Industry Technosavvy the May 2024 issue

Sun in a Bottle

Q&A with Steven Cowley, Director, Princeton Plasma Physics Laboratory
By Michael Fitzpatrick Posted on April 30, 2024
Q
What promise does nuclear fusion hold in the search for greener energy?
A

We’re all very excited by the fact that renewables are decreasing in cost and increasing in reliability. However, nobody thinks renewables can take us all the way—probably most of the way. To truly decarbonize, we need something to fill the gaps when the wind doesn’t blow and the sun doesn’t shine. It’s actually very hard. People have talked about having batteries that store enough energy, but the U.K. figures I am familiar with, due to my work on U.K. energy policy, show that during the month of December in England, the wind is terribly light and the offshore wind turbines don’t produce very much at all.
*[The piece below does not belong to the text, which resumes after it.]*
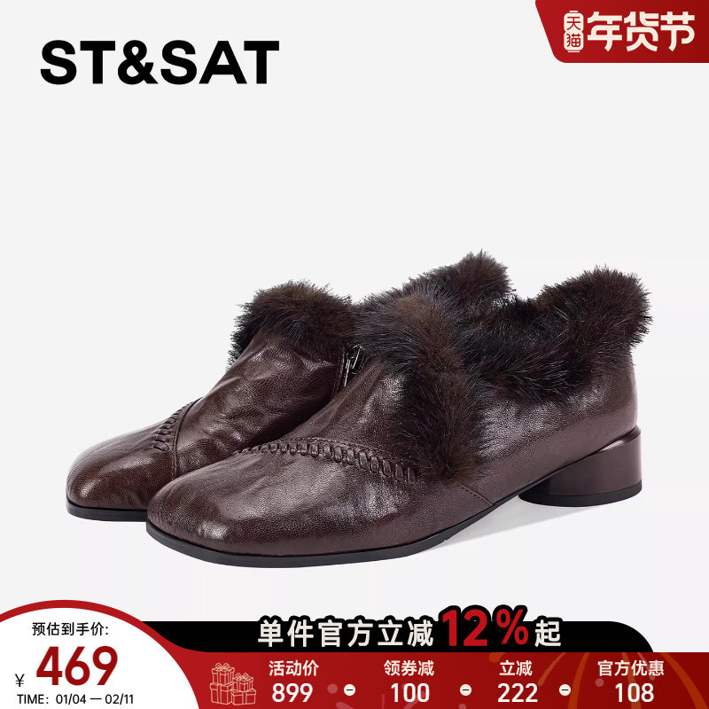 星期六复古冬季加绒单鞋女2025新款方头粗跟时尚保暖小皮鞋毛毛鞋

There is not much sun either, so storing enough energy to power the whole month of December in the U.K. requires a battery that doesn’t exist yet and probably never will. So energy storage is a very difficult thing.
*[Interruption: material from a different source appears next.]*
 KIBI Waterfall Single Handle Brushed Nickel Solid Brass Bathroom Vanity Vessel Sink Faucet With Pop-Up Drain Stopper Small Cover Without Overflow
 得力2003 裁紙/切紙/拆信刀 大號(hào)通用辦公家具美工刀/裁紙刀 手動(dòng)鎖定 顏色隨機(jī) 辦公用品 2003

We need what’s called firm energy sources. These are ones you can turn on and turn off. Fossil fuels do that in a beautiful way. The gas turbine is a very cheap and easy technology to turn on when your wind doesn’t blow, right? But we can’t do that, and the options now are very few and far between: there’s nuclear fission, and there’s carbon capture and storage, which we could do for a bit but not for very long because we don’t have enough places to store the carbon. This is where fusion would really fill the gap.

Fusion is an energy source that has enough resources that could power the planet until the planet doesn’t exist anymore, about 4.5 billion years. Here at Princeton in 1994, we were the first people to really set the bar—10 million watts of fusion for a second, which meant that we got the conditions for fusion. You must take the fuel up to a temperature of about 200 million degrees (Celsius) when it’s in the form of what’s called a plasma, an ionized gas. We got the conditions for fusion, and it was a very big achievement; we were the first to demonstrate controlled fusion on Earth despite being a long way from commercial fusion. Since then, people have created fusion in a number of devices, and each one has gotten a little bit better. The consensus is that we can produce fusion but not at a competitive cost yet. I believe, like many people, that once you know you can do something, then innovation will take you all the way to make a product.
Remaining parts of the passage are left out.